### Input for this task
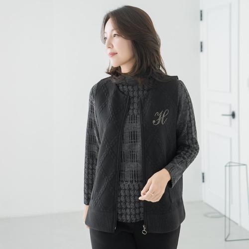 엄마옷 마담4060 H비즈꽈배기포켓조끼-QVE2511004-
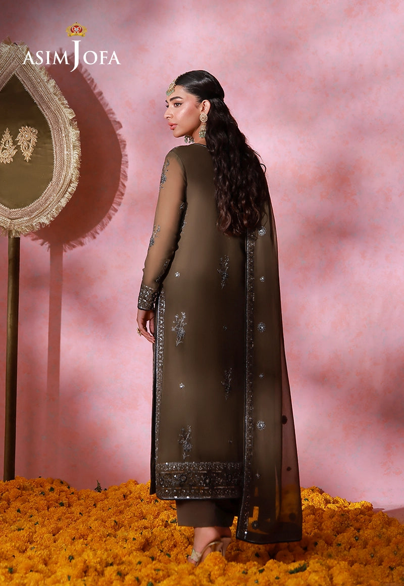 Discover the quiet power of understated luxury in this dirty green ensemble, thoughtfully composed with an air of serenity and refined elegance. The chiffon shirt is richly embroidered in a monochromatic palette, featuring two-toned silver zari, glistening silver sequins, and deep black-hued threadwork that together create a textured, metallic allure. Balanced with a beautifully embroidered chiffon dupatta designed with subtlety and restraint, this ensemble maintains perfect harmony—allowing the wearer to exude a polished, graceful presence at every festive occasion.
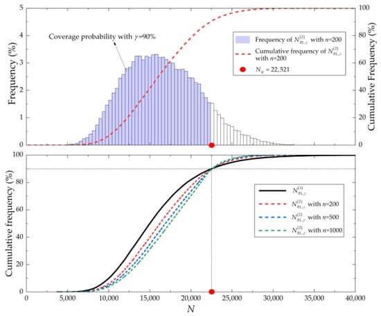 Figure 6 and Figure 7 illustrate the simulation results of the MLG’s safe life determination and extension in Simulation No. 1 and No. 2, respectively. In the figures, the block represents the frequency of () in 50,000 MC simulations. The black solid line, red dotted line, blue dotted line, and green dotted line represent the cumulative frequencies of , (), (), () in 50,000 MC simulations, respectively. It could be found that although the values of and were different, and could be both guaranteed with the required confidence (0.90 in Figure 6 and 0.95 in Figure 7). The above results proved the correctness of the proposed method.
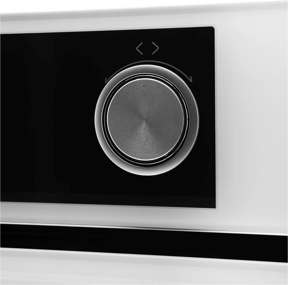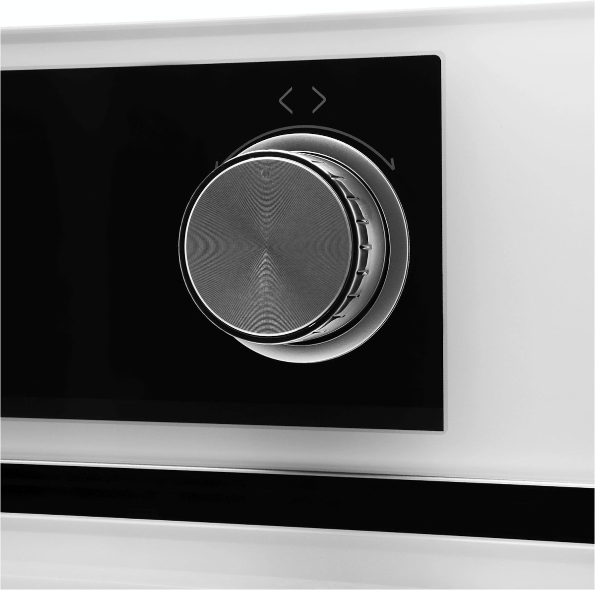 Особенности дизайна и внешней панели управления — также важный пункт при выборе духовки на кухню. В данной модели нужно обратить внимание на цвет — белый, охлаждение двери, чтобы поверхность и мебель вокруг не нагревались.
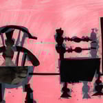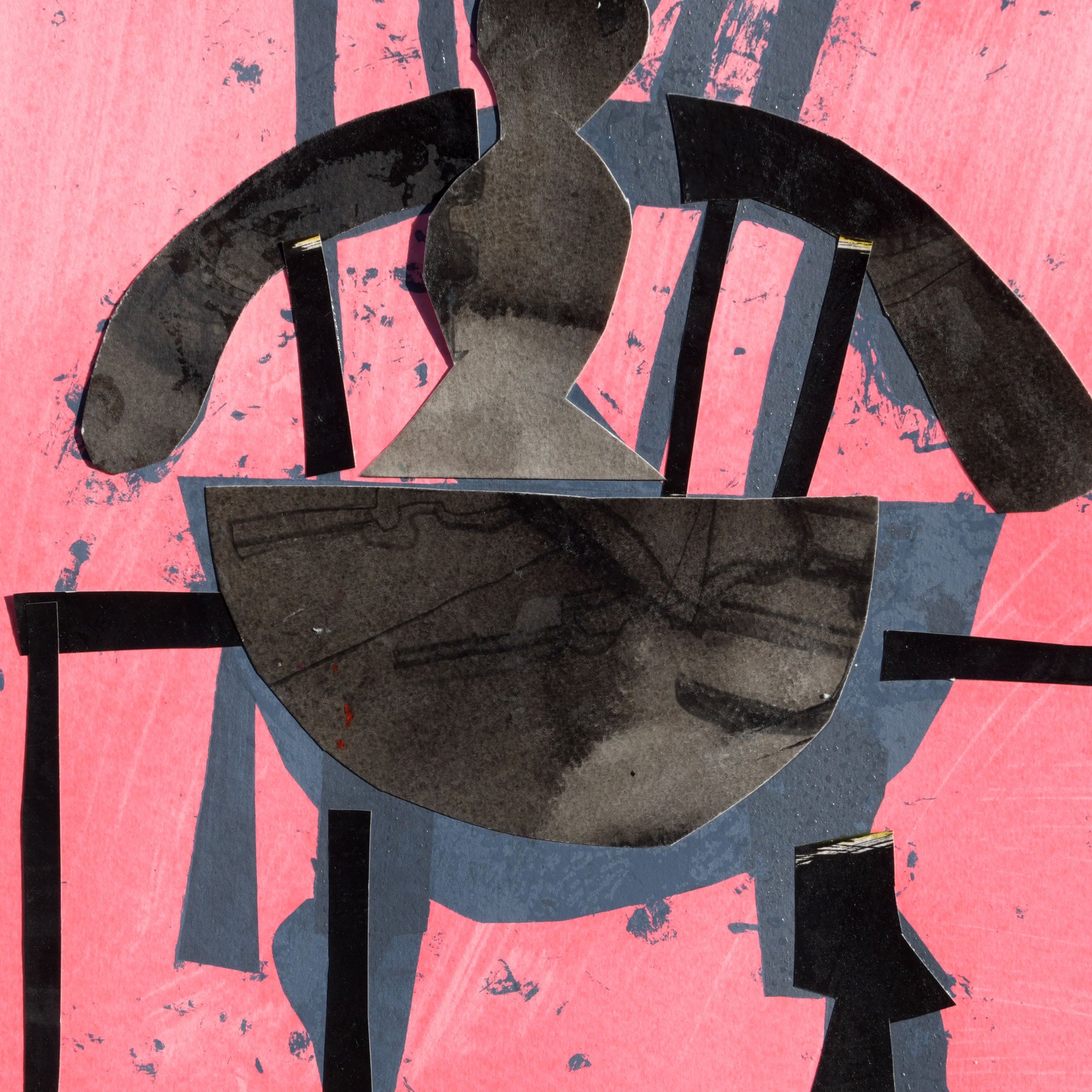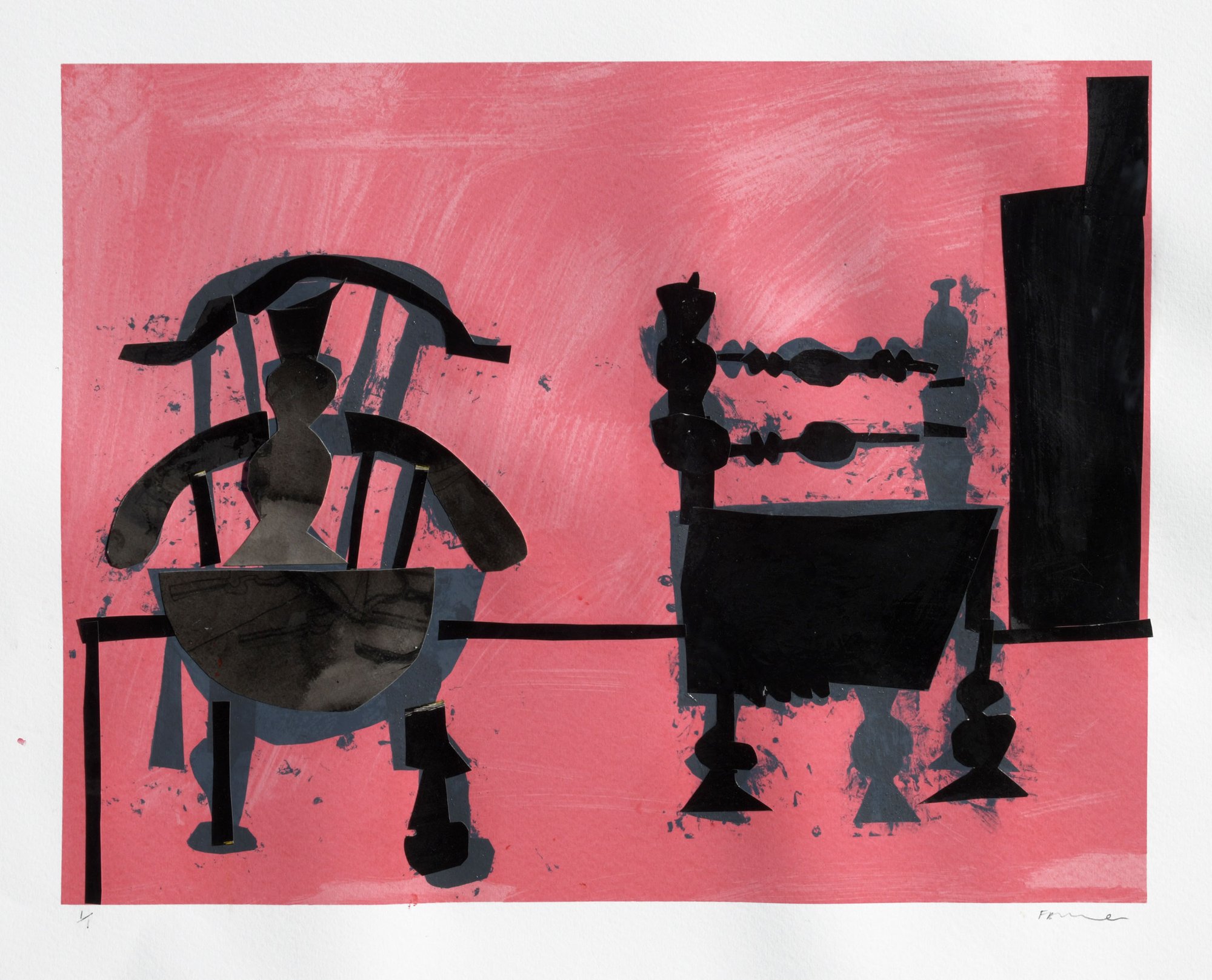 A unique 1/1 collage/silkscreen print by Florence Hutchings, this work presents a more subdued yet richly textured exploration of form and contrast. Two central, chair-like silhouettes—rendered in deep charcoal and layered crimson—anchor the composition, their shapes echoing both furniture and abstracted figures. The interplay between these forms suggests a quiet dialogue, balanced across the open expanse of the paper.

### What you will do
Restate all of the material above word for word, excluding the pictures.

### Solution for this exercise
 엄마옷 마담4060 H비즈꽈배기포켓조끼-QVE2511004-
 Discover the quiet power of understated luxury in this dirty green ensemble, thoughtfully composed with an air of serenity and refined elegance. The chiffon shirt is richly embroidered in a monochromatic palette, featuring two-toned silver zari, glistening silver sequins, and deep black-hued threadwork that together create a textured, metallic allure. Balanced with a beautifully embroidered chiffon dupatta designed with subtlety and restraint, this ensemble maintains perfect harmony—allowing the wearer to exude a polished, graceful presence at every festive occasion.
 Figure 6 and Figure 7 illustrate the simulation results of the MLG’s safe life determination and extension in Simulation No. 1 and No. 2, respectively. In the figures, the block represents the frequency of () in 50,000 MC simulations. The black solid line, red dotted line, blue dotted line, and green dotted line represent the cumulative frequencies of , (), (), () in 50,000 MC simulations, respectively. It could be found that although the values of and were different, and could be both guaranteed with the required confidence (0.90 in Figure 6 and 0.95 in Figure 7). The above results proved the correctness of the proposed method.
 Особенности дизайна и внешней панели управления — также важный пункт при выборе духовки на кухню. В данной модели нужно обратить внимание на цвет — белый, охлаждение двери, чтобы поверхность и мебель вокруг не нагревались.
 A unique 1/1 collage/silkscreen print by Florence Hutchings, this work presents a more subdued yet richly textured exploration of form and contrast. Two central, chair-like silhouettes—rendered in deep charcoal and layered crimson—anchor the composition, their shapes echoing both furniture and abstracted figures. The interplay between these forms suggests a quiet dialogue, balanced across the open expanse of the paper.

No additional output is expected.